The study illuminates well how Turgenev’s love adventures and emotional outbursts are documented in his diary in such a way that suggests it was meant to be read as an auto/biographical literary work. By copying some of his letters to his friends and lovers into his diary, Turgenev created a monological narrative that could be read as a reflexive study of his emotional life. The notion of friendship is examined in the book in various contexts in a highly informative way, so the emergence of a new sentimental conceptualization of friendship shaped by Rousseau’s works is well documented in the personal correspondence and diaries of many prominent public figures and writers, including Nikolai Karamzin and Aleksander Radishchev. For example, Radishchev, in his “A Will for My Children” written in the Peter and Paul Fortress in July 1790, curiously addresses his family members as friends rather than beloved ones or dear ones. He defines them as “the dearest friends of my soul” (liubezneishie druz’ia dushi moei [p. 98]). Zorin’s critique of Yurii Lotman’s views on Radishchev’s life and death suggests that one should not rely extensively on the account of Radishchev’s life as produced by his son Pavel, who created his own myth of his father’s personality as a rebel and figure opposed to the Russian monarchy (pp. 203–207).

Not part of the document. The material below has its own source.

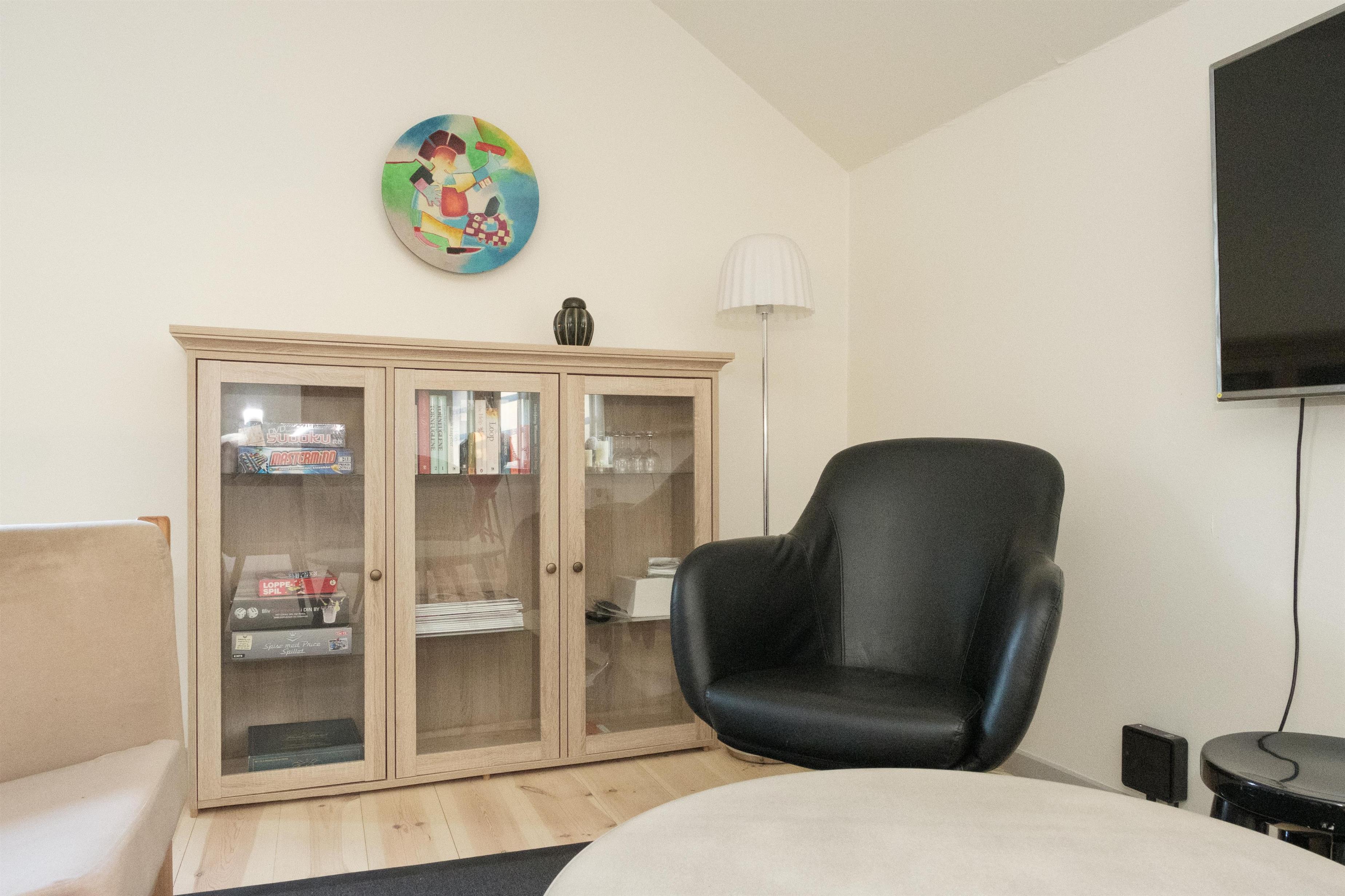 Ferielejlighedens samlingspunkt er den dejlige, lyse stue med spiseplads til 6 personer, hyggeligt og bekvemt sofamøblement samt TV med danske (inkl. TV2) og tyske kanaler. I åben forbindelse med stuen ligger det nye, veludstyrede køkken med keramisk komfur, indbygningsovn, køleskab, fryser, opvaskemaskine og mikrobølgeovn. Lejligheden råder over 6 sengepladser fordelt på 2 lyse og rummelige soveværelser med dobbeltseng samt 1 værelse med køjeseng. Velindrettet, godt badeværelse med bruseniche og vaskemaskine. Til de mindste gæster er der barneseng og højstol. Der er internetadgang. Dejlig altan med gode havemøbler, liggestole, parasol og grill.

Other illuminating examples of the deconstruction of existing myths prevalent in Russian scholarship include Zorin’s extensive discussions of Catherine the Great’s plays, in which she made many powerful allusive attacks on Russian Masons and mystics; Karamzin’s role in exporting Western idioms of emotional expression in his travelogues with the help of epistolary genre; and the view cultivated by Russian scholar Aleksander Veselovskii about Andrei Turgenev being a prototype of Aleksander Pushkin’s character from Eugene Onegin Vladimir Lenskii. Zorin also argues compellingly that Vissarion Belinskii, in addition to disseminating G. W. F. Hegel’s ideas in Russia, developed his own vision of the individual and history by drawing from the literary works of Alexander Pushkin and Mikhail Lermontov (p. 508). Such an angle enables Zorin to demonstrate how eighteenth century bookish forms of behavior survived and flourished in the nineteenth century.

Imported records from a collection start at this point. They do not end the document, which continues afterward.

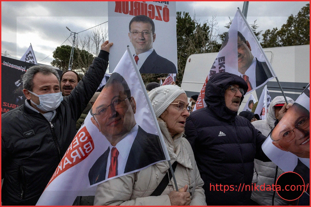 Thousands of supporters of Ekrem Imamoglu, Istanbul’s mayor and a prominent rival of President Recep Tayyip Erdogan, gathered outside the Marmara-Silivri penitentiary and judicial complex. This demonstration took place during his initial hearing regarding the charges brought against him, marking one year since his arrest.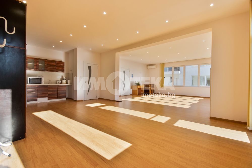 Етаж 1 - гараж, просторна дневна с трапезария и кухня, санитарен възел, помещение за бойлери.
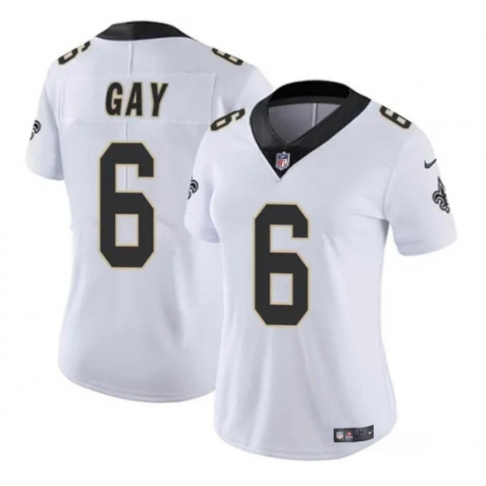 >Women's New Orleans Saints #6 Willie Gay White Vapor Football Stitched Game Jersey(Run Small)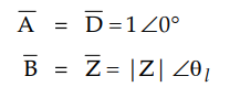 B = 100 ∠ 70°Ω, C = 0.0006 ∠ 88°.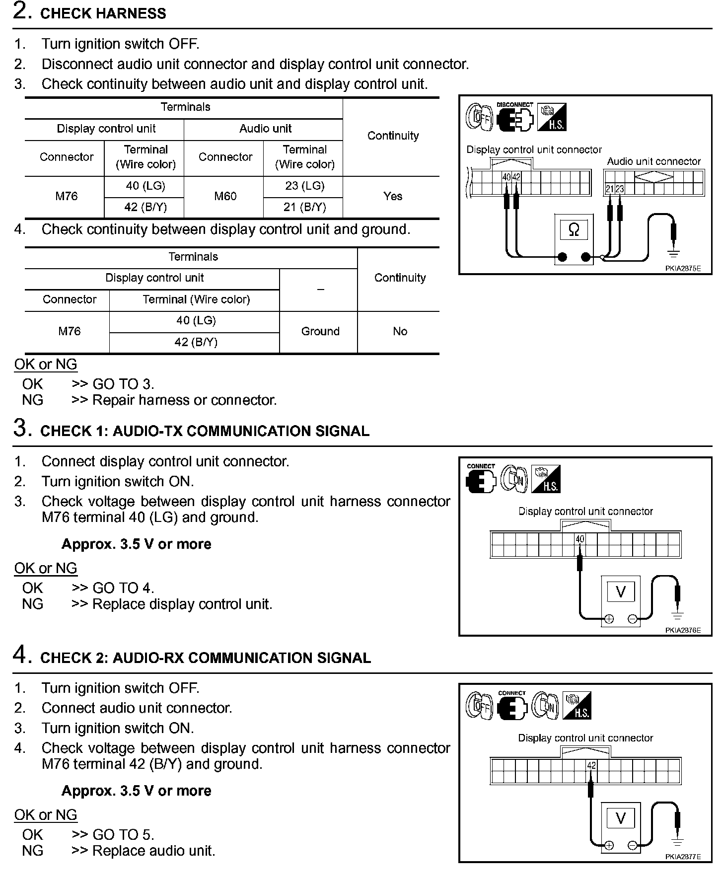Audio Communication Line Check (Between Display Control Unit And Audio Unit) (Steps 2 - 4):

Throughout the book Zorin shows that social character is a product of social forms that are learned in the process of socialization. His study draws on the findings of many Russian and Western scholars, including Yurii Lotman, Nikolai Plotnikov, Andreas Shoenle, Holger Siegel, David Riesman, Lidiia Ginzburg, and Richard A. Shweder. It is an important contribution to the fields of Russian studies, comparative literature, and the European history of ideas. Grounded in archival research, Zorin’s study combines theoretical approaches with a nuanced and effective close reading of various diaries and letters. It encourages scholars to rethink spaces of identity in Russia and to reconsider how personal and collective identities are formed with the help of highly theatricalized forms of personal and public modes of expression.

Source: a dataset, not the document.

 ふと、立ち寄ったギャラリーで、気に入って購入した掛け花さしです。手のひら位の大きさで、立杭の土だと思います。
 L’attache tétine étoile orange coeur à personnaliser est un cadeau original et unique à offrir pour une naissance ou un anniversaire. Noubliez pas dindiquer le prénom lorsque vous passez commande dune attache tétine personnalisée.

Zorin’s book is a valuable contribution to the ongoing interdisciplinary scholarship on emotions. Although in the last 30 years research on emotions has advanced significantly, verbal art is largely absent from the research projects led by cognitive scientists. More importantly, Zorin’s discussion of the representation of love and desire found in Turgenev’s letters and diaries exemplifies well that the Petrine reforms in Russia laid the foundation for the popularity of the notion of secular, romantic love among educated Russians. Their emotional experiences are presented in Zorin’s book as cultural constructs borrowed from popular European novels. Many early Russian memoirs, including one of the earliest private journals written by Prince Kurakin, The Life of the Prince of Boris Ivanovich Kurakin, Which He Himself Wrote, present romantic experience as markedly foreign. Likewise, Turgenev was able to describe his romantic experiences in Russian—without evoking religious and moralist connotations—with the help of idioms of passion and lovesickness found in foreign literature.